Define Final Selection Choice Criteria for a Coloplast Catheter Ensuring Highest Patient Satisfaction Via Surveys (EVA).

This multicentre prospective study examines the detailed clinical and technical aspects of intermittent self-catheterisation (ISC) training and catheter selection among adults with neurogenic or non-neurogenic bladder dysfunctions, such as those caused by spinal cord injuries, multiple sclerosis, Parkinson's disease, stroke, or pelvic surgeries.

Medical rationale :

ISC is the standard method for managing bladder emptying disorders, particularly in cases of urinary retention or incomplete voiding due to subvesical obstruction, aiming to reduce morbidity from vesico-sphincter dysfunctions and enhance patient independence. Training typically occurs during hospital admission by nursing staff or specialists, followed by outpatient monitoring at 3-12 weeks and 6 months to assess technique mastery, catheter suitability, compliance (frequency, volume), and complications. Despite expert training, long-term adherence remains challenging due to psychological barriers and equipment mismatches, underscoring the need for patient-involved catheter selection.
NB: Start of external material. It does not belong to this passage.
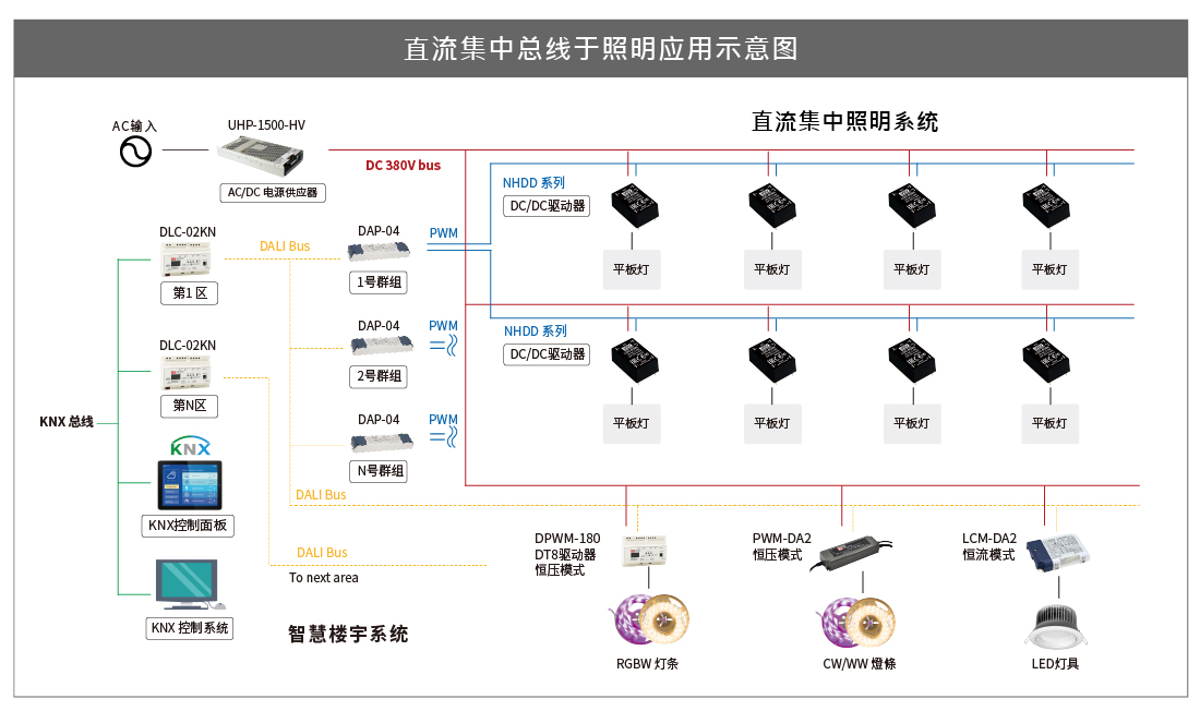 由于再生能源已是未來發(fā)展趨勢,因此DC House不再只是一個概念,而是必要的基礎(chǔ)設(shè)施。因此,如何提高電力轉(zhuǎn)換效能在交流電轉(zhuǎn)換直流電,或直流電轉(zhuǎn)換交流電都是不可忽視的議題。明緯將以此為出發(fā)點,引領(lǐng)成為直流供電室內(nèi)應(yīng)用先驅(qū),定義新的直流集中供電照明應(yīng)用方式,以達到降低功率轉(zhuǎn)換過程的損失。

Technical catheter details :

Coloplast's SpeediCath® range includes hydrophilic, ready-to-use catheters differentiated by length, flexibility, shape, and ergonomics: Standard (40 cm men/20 cm women), Compact (no-touch for discretion), Compact Eve (triangular female design), Flex (multi-directional tip for men), with some available as pre-connected sets. Newer Luja™ catheters incorporate Micro-hole Zone Technology (>80 micro-holes in men, >50 in women) to minimise flow-stops, residual urine, and urinary tract infection (UTI) risk-addressing common issues where conventional eyelet catheters cause mucosa adhesion and incomplete emptying. Evidence shows hydrophilic catheters reduce urethral trauma and improve quality of life, with SpeediCath® demonstrating faster, more discreet use versus non-ready-to-use alternatives, and Luja/MHZC outperforming comparators in flow dynamics and user ratings. All are Class I sterile CE-marked devices manufactured by Coloplast A/S.
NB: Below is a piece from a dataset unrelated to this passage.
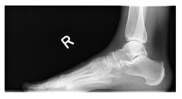 Abb. 1: Deutlich sichtbarer Knochensporn am Fersenbein (Calcaneus)

Study design and data collection This descriptive interventional cohort embeds questionnaire-based assessments into routine care across ~7 sites (urology/rehabilitation centres), targeting 107 patients for 6-month follow-up after a 6-month inclusion period. Beyond basic selection criteria, data capture socio-demographics (age, living status, education, occupation), clinical factors (pathology severity, USP symptom scores, anorectal dysfunction, meatus accessibility, urethral sensitivity, concomitant treatments), and ISC specifics (training location/duration, prescription frequency, solo vs. combined with micturition).

Validated tools include I-CAT (14 items, score 0-56 for ISC acceptance) and IC-Di-Q (13 items on pain, blockage, bleeding, spasticity frequency/intensity); a custom questionnaire details choice drivers (e.g., ease, discretion, nurse advice). Statistical plans use SAS V9.4 for descriptive stats, logistic regressions identifying predictors of final choice/adherence, with per-protocol exclusions for major deviations and precision ±4.25-9.5% for key frequencies. No blinding applies to this open-label routine care evaluation.